Keep up the great work, dear.
Krista, I entered the Amazon manuscript contest back in Feb. I made it to the amazon vine reader stage. My submission was judged by two people one loved it and said she would buy it in the bookstore. The other one found a flaw in everything under the sun. But just like you said, I knew God had a reason. Critisism is hard. Maybe next year, right? Oh wait, we’ll both have agents by then! 🙂
Jessica, Thanks!

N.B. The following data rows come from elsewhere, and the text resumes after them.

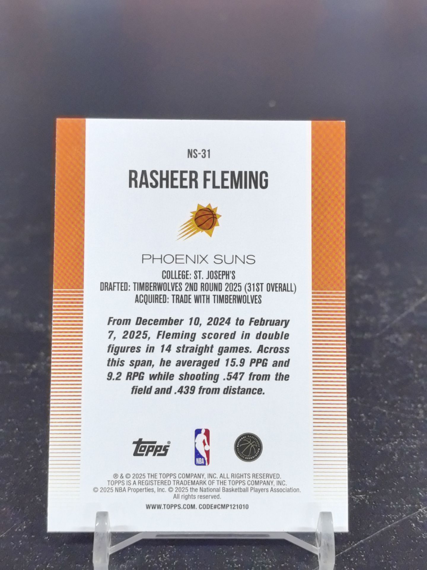 【浩行拍卖 截标预付82%】2025 topps rasheer fleming 太阳 拉希尔 弗莱明 新秀 rc 折射 NEW SCHOOL 特卡 38/99编 专收必备 瑕疵看图「桃梨」1108N01紋
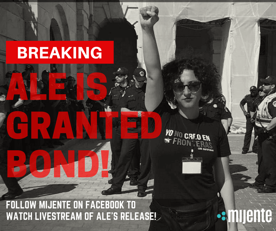In addition, Alejandra and her legal counsel will also be defending her against the arrest made by the Department of Homeland Security (DHS) during a protest in Virginia, which is responsible for Alejandra’s current detention, which goes to trial in Virginia May 15th.
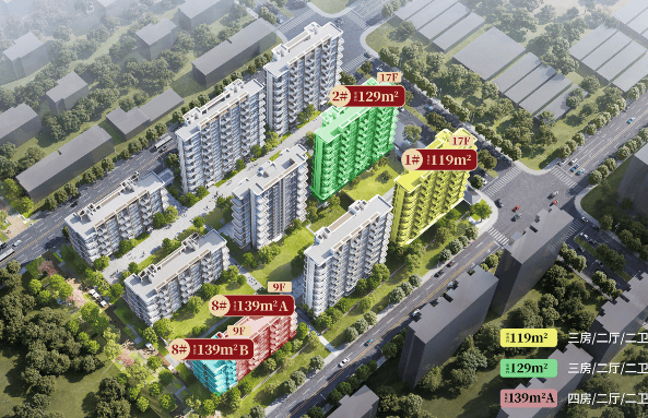 •户型规划:建面约119、129㎡小高层、建面约139㎡洋房、建面约188㎡墅质大平层

I believe in this case given the comments it was responding to story, which is fine. Everyone is SO entitled on an opinion:-)

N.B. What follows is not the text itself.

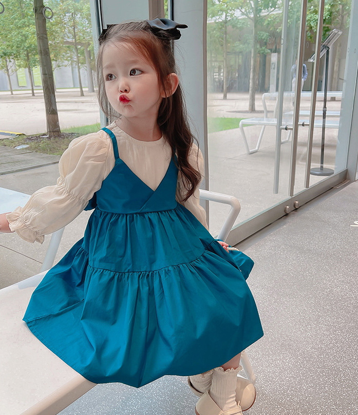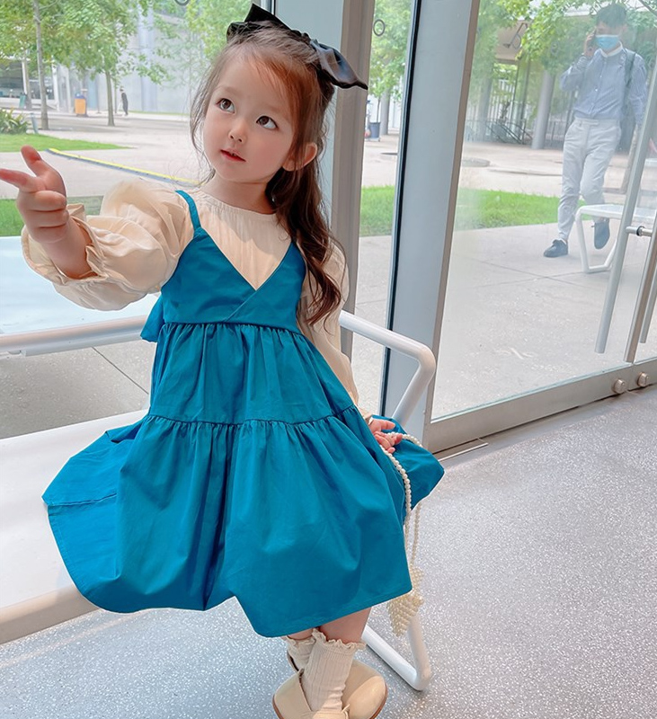 韓国風デザインが可愛いキッズ用ロングワンピースです。

Jeanette, THANKS! Oh my, yes, after having Kids somedays I feel like Superwonderwoman… and then I fail and feel like superwonderdud! LOL
T.Anne: WAY to be positive!!!! I LOVE IT!
I lost some sleep last night thinking about the whole contest thing. And honestly, I’m not sure that contests truly reflect writing skill and story. I won’t say why I feel this way, because I don’t want to bash anyone.
But I wonder if winning has more to do with who you get for a judge than anything. Of course, I’m talking about people like you who score in the 90’s for 2 judges and so low with another. I’m not referring to people who have consistently middle or low scores.
I think that those who are almost there and ready for publication will score near the top, but those who actually win among that group are the ones who got the easy judges. That’s my theory.
In other words what I’m saying is that the five who finaled in each category may not necessarily be better writers than others at the top. They might have just had an easier judge. Do you know what I mean?
So, just because I finaled does not mean I’m a superior writer. Not in the least. I’m probably right in there with most everyone else at my level. I just happened to have the right judges.
I could be wrong! But that’s my theory for this year!
First, don’t lose sleep over it! YOU should be losing sleep because of your excitement girl!
And you DESERVED to final. Please don’t ever think differently. You worked really hard for what you got, and you WERE one of the top five! Be proud of that!
For me and my scores… I’m content. I also remind myself that the 90’s could have both been “easy” judges and 66er be the realistic one. It keeps me grounded and reminds myself that I still need to work really hard to improve.
Of course I was disappointed when I first got them, but that’s life. There are disappointments and as much as I wish I COULD have finalled, I am SO happy for the 5 that did. They truely DID deserve it and I wouldn’t change that for anything.
Now I just want to work hard, address the issues that were marked, and become a better writer. There is always another contest, another opportunity.
God knows what Krista needs, and that is SO enough for me!
I’ve heard from many people–and experienced myself–the confusion from judges that give greatly different scores for the same story. Personally, I think there needs to be set standards and that the judges need to be trained more. Whether they like the story personally or not should have nothing to do with the scores. They should also be given examples on how to score (maybe they are and their not sufficient, I don’t know). For example they might say that if they find one thing that could possibly be a POV shift to lower the score by one, but if it’s an obviously incorrect head-hop and it’s the only one in the submission to drop the score to a 1 or a 2 because the author obviously doesn’t understand POV.
I don’t know, maybe I’m just being optimistic, but it seems to me that there’s got to be a better way to judge contests. It seems like too much of it comes down on the side of “the judge just didn’t like it”.